Taking only the lines of the data below from the line with "Tel.: +49 30" to the line with "Ανοιχτά γόβα με", ends included, write them out exactly and without pictures.

- **Data supplied**:
--------------------------------------------------

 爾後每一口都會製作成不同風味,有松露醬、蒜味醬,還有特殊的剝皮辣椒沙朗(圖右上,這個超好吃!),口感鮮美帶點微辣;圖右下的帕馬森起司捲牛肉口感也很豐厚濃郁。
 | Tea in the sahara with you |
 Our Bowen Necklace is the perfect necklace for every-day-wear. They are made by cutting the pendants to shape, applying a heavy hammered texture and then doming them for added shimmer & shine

--------------------------------------------------

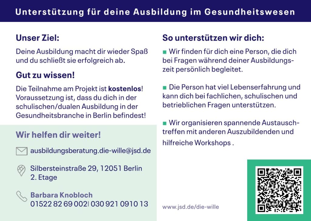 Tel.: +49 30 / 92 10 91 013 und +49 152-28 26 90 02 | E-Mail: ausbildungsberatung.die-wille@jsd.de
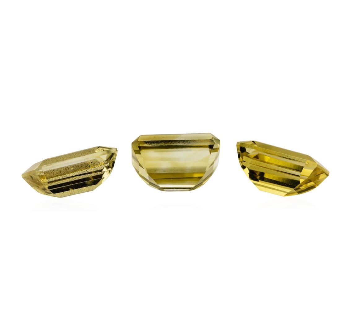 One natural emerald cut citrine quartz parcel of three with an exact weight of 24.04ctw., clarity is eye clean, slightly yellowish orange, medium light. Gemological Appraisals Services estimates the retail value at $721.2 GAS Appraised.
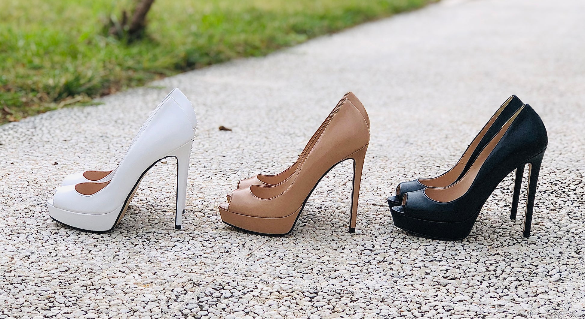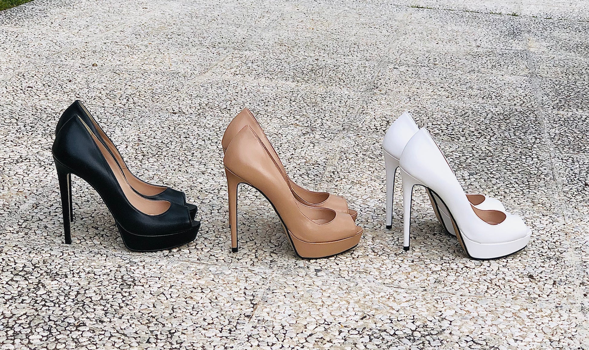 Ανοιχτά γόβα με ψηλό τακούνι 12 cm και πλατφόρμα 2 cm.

--------------------------------------------------

- **Answer to this problem**:
 Tel.: +49 30 / 92 10 91 013 und +49 152-28 26 90 02 | E-Mail: ausbildungsberatung.die-wille@jsd.de
 One natural emerald cut citrine quartz parcel of three with an exact weight of 24.04ctw., clarity is eye clean, slightly yellowish orange, medium light. Gemological Appraisals Services estimates the retail value at $721.2 GAS Appraised.
 Ανοιχτά γόβα με ψηλό τακούνι 12 cm και πλατφόρμα 2 cm.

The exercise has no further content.